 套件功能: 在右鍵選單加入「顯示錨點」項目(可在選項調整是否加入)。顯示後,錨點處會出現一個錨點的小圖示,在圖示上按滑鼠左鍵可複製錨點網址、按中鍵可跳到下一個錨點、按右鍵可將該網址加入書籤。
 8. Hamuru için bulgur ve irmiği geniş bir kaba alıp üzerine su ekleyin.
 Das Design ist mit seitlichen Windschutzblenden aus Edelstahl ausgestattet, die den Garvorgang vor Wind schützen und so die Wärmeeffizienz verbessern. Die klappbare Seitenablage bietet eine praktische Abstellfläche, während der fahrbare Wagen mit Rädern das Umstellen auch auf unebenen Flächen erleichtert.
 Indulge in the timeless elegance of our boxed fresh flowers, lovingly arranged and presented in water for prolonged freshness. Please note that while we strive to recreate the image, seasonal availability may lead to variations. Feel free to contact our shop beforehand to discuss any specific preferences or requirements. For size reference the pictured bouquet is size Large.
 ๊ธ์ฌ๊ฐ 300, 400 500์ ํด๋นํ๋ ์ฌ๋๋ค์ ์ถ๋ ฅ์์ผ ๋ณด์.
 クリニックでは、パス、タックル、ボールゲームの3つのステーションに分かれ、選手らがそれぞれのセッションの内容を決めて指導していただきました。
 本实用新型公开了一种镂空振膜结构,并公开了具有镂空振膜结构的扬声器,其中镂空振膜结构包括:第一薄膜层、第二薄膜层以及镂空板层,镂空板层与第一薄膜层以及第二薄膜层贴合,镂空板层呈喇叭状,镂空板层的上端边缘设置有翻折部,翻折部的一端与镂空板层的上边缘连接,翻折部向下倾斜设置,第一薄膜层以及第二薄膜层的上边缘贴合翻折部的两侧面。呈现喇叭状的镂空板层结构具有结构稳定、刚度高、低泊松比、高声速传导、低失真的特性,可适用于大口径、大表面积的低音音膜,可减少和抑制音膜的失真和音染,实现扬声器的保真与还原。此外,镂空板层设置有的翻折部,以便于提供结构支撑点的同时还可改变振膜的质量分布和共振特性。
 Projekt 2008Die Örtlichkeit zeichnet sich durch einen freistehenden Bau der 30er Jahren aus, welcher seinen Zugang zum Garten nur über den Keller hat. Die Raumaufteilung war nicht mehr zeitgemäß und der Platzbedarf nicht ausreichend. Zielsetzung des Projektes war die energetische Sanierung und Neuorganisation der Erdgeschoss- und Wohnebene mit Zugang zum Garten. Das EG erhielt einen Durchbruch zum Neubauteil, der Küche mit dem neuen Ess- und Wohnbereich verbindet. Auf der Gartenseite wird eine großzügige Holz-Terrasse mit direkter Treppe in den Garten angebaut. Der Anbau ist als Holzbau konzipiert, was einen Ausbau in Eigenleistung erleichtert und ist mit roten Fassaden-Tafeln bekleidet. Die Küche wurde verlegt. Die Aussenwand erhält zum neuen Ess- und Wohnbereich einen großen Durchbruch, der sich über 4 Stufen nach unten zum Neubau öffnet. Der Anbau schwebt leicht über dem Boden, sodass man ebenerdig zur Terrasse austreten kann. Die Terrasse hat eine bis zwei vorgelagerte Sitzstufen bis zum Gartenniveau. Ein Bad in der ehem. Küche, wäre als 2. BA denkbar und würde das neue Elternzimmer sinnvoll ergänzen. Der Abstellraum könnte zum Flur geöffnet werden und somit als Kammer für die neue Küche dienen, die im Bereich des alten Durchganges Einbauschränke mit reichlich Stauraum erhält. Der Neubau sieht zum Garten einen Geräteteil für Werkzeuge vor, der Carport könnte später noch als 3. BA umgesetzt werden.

==

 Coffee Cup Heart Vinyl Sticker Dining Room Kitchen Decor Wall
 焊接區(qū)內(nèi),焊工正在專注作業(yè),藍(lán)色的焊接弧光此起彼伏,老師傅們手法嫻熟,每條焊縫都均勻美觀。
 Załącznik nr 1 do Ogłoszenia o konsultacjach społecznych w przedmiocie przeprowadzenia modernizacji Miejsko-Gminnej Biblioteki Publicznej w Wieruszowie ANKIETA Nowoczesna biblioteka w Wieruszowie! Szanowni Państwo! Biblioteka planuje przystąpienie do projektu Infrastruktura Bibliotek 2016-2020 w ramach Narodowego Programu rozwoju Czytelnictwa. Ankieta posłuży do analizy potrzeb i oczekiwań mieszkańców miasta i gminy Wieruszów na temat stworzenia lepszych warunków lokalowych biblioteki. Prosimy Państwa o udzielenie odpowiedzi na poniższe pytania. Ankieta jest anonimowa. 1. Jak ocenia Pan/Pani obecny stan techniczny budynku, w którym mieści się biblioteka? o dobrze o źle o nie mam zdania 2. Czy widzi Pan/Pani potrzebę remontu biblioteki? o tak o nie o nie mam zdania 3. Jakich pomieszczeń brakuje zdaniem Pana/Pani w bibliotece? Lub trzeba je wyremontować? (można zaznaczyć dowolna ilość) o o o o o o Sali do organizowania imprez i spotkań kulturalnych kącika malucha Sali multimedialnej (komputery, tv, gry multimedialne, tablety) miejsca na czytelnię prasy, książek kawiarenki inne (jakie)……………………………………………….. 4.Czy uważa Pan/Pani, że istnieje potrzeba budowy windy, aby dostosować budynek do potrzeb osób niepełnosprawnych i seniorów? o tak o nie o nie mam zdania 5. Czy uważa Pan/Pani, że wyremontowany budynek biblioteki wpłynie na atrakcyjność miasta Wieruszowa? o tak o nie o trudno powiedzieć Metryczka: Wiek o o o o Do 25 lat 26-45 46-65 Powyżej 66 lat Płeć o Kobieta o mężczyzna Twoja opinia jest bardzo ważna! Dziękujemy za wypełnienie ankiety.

- TASK REQUIREMENTS -
Wherever the word "eine" occurs in the data above, copy the line it sits in.

- FINAL ANSWER -
 Das Design ist mit seitlichen Windschutzblenden aus Edelstahl ausgestattet, die den Garvorgang vor Wind schützen und so die Wärmeeffizienz verbessern. Die klappbare Seitenablage bietet eine praktische Abstellfläche, während der fahrbare Wagen mit Rädern das Umstellen auch auf unebenen Flächen erleichtert.
 Projekt 2008Die Örtlichkeit zeichnet sich durch einen freistehenden Bau der 30er Jahren aus, welcher seinen Zugang zum Garten nur über den Keller hat. Die Raumaufteilung war nicht mehr zeitgemäß und der Platzbedarf nicht ausreichend. Zielsetzung des Projektes war die energetische Sanierung und Neuorganisation der Erdgeschoss- und Wohnebene mit Zugang zum Garten. Das EG erhielt einen Durchbruch zum Neubauteil, der Küche mit dem neuen Ess- und Wohnbereich verbindet. Auf der Gartenseite wird eine großzügige Holz-Terrasse mit direkter Treppe in den Garten angebaut. Der Anbau ist als Holzbau konzipiert, was einen Ausbau in Eigenleistung erleichtert und ist mit roten Fassaden-Tafeln bekleidet. Die Küche wurde verlegt. Die Aussenwand erhält zum neuen Ess- und Wohnbereich einen großen Durchbruch, der sich über 4 Stufen nach unten zum Neubau öffnet. Der Anbau schwebt leicht über dem Boden, sodass man ebenerdig zur Terrasse austreten kann. Die Terrasse hat eine bis zwei vorgelagerte Sitzstufen bis zum Gartenniveau. Ein Bad in der ehem. Küche, wäre als 2. BA denkbar und würde das neue Elternzimmer sinnvoll ergänzen. Der Abstellraum könnte zum Flur geöffnet werden und somit als Kammer für die neue Küche dienen, die im Bereich des alten Durchganges Einbauschränke mit reichlich Stauraum erhält. Der Neubau sieht zum Garten einen Geräteteil für Werkzeuge vor, der Carport könnte später noch als 3. BA umgesetzt werden.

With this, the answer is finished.